Continental Casualty Company, Plaintiff-appellant, v. River Ridge Insurance, Inc., et al., Defendants-appellees, 973 F.2d 437 (5th Cir. 1992)Annotate this Case
Sept. 30, 1992
Randall L. Kleinman, Hulse, Nelson & Wanek, New Orleans, La., for plaintiff-appellant.
Raymond P. Ward, Jack M. Allmont, Sessions & Fishman, New Orleans, La., for River Ridge Ins. Agency.
Appeal from the United States District Court for the Eastern District of Louisiana.
Before WISDOM, SMITH, and EMILIO M. GARZA, Circuit Judges:
WISDOM, Circuit Judge:
In this case, the district court dismissed the plaintiff's complaint on the ground that the plaintiff had failed to meet its burden of proof of proximate cause. The plaintiff appeals, asserting that the legal standard applied by the district court was incorrect and that the factual determinations of that court were clearly erroneous. We hold that the legal standard applied by the district court was the appropriate one, and that the factual findings of the court were not clearly erroneous. We affirm.
I. BASIC FACTS.
The defendant/appellee, River Ridge Insurance Agency ("River Ridge"), was a local insurance agent for the plaintiff/appellant, Continental Casualty Company ("CNA"), from January 1, 1984 until November 30, 1987. CNA gave River Ridge the authority to issue insurance binders as follows:
Maximum Limits of Liability Which May Be Bound 1. For any Liability Coverage .......... $1,000,000 2. For any Property Coverage * ......... $ 250,000 * Except for eligible Business Account Program risks (other than frame) ........................................................... $ 500,000
One of the property coverage policies that CNA offered was the Business Account Program ("BAP"). The BAP policy had a lower premium than other CNA commercial property policies and had several restrictions not applicable to other CNA policies. These restrictions included a requirement that the building be less than 20 years old, unless certain parts of the structure had been renovated within the past five years, and a requirement that the usable area of the building be less than 10,000 square feet.
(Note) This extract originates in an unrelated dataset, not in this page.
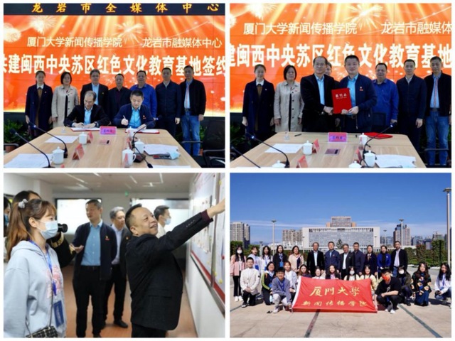 党的十八大以来,新闻媒体行业一直坚持导向为魂、移动为先、内容为王、创新为要,在强基中谋发展,逐渐形成了一股巨大的媒体融合浪潮。14日上午,新闻传播学院与龙岩市融媒体中心共建“闽西中央苏区红色文化教育基地”签约仪式在龙岩市融媒体调度中心举行。此次合作共建红色文化教育基地将为促进厦门大学新闻传播学院关于马克思主义新闻观的研究宣传教育和红色文化教育提供良好的理论与实践相结合契机,也将为龙岩市融媒体中心推进媒体融合、强化全媒型人才队伍培养建设提供助力,推动龙岩经济社会文化建设。双方将发挥各自优势,依靠闽西丰富的红色资源,在理论和业务层面上优势互补、互相促进,在党建工作、实习实践、人才培养和课程合作等多方面展开深入的合作与交流,共同搭建合作共赢平台。

For businesses that did not qualify for the BAP policy, CNA offered several other types of commercial property policies which were not subject to the restrictions applicable to the BAP policy.
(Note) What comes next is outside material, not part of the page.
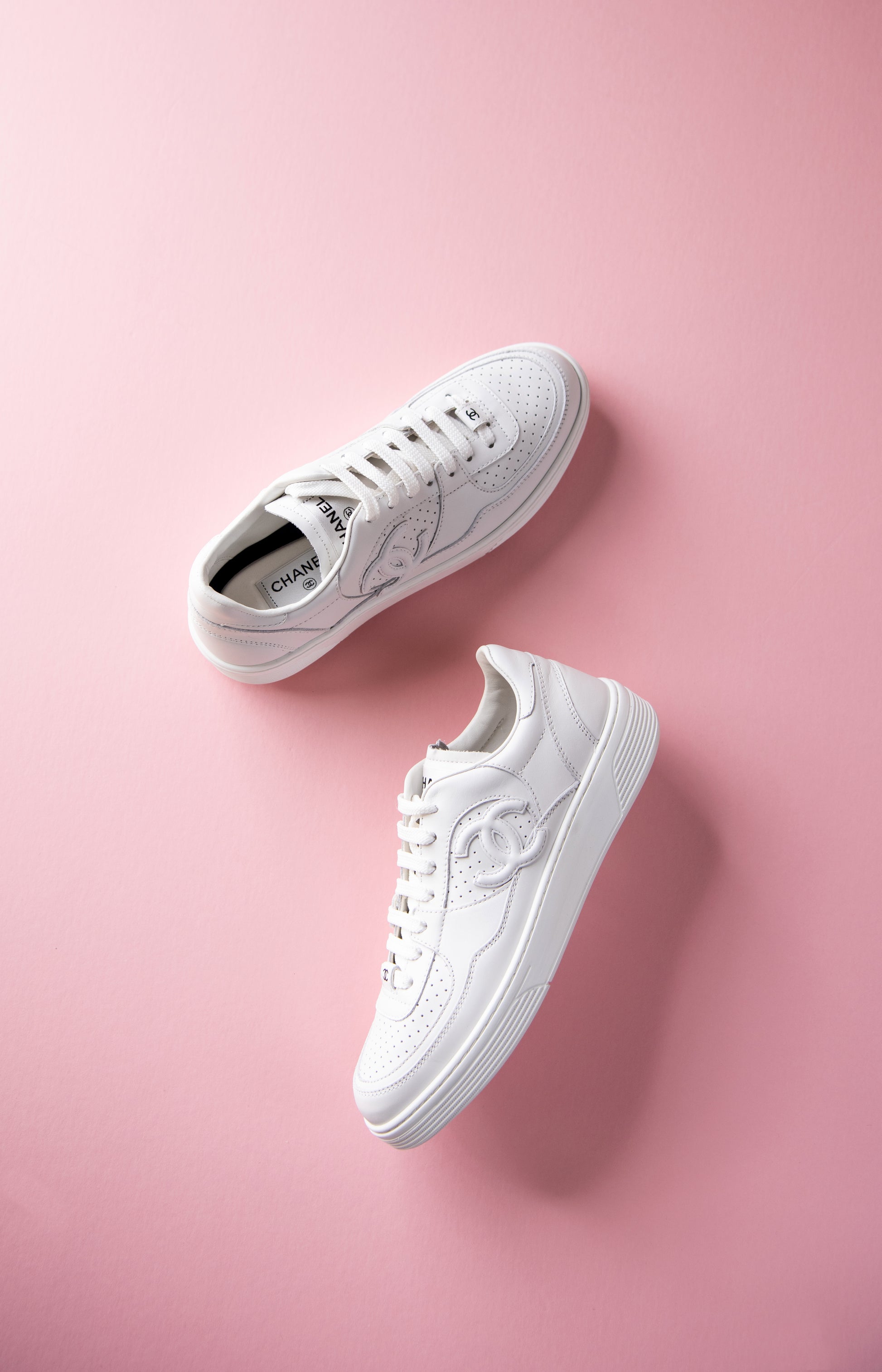 حذاء شانيل سي سي الرياضي باللون الأبيض

On November 6, 1987, an employee of River Ridge issued an insurance binder covering the St. Claude Super Market under the BAP policy. The binder included two separate property coverages--one covering the structure for $300,000, the other covering the contents for $250,000.
On December 24, 1987, the St. Claude Super Market burned virtually to the ground. CNA had not yet issued a policy, but the risk was under binder pending an underwriting conclusion. CNA determined that the structure and contents were a total loss and ultimately paid to the insured the policy limits of $300,000 for the structure and $250,000 for the contents, as well as $8,910.75 for business interruption losses. CNA then brought this suit alleging that River Ridge had bound this risk in violation of limitations on its binding authority. CNA further alleged that, but for River Ridge exceeding its binding authority, CNA would not have suffered the loss.
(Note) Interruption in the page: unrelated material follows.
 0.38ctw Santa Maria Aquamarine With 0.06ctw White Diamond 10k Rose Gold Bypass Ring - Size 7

After trial to the court, the district court found that River Ridge was an agent of CNA and that River Ridge did exceed its binding authority under the BAP, because the St. Claude Super Market did not meet the policy requirements with regard to age and size. The court then determined, however, that CNA had not established that this breach by River Ridge proximately caused CNA's loss. The court found that CNA would have issued some form of policy to cover the risk. The court therefore entered judgment dismissing CNA's complaint.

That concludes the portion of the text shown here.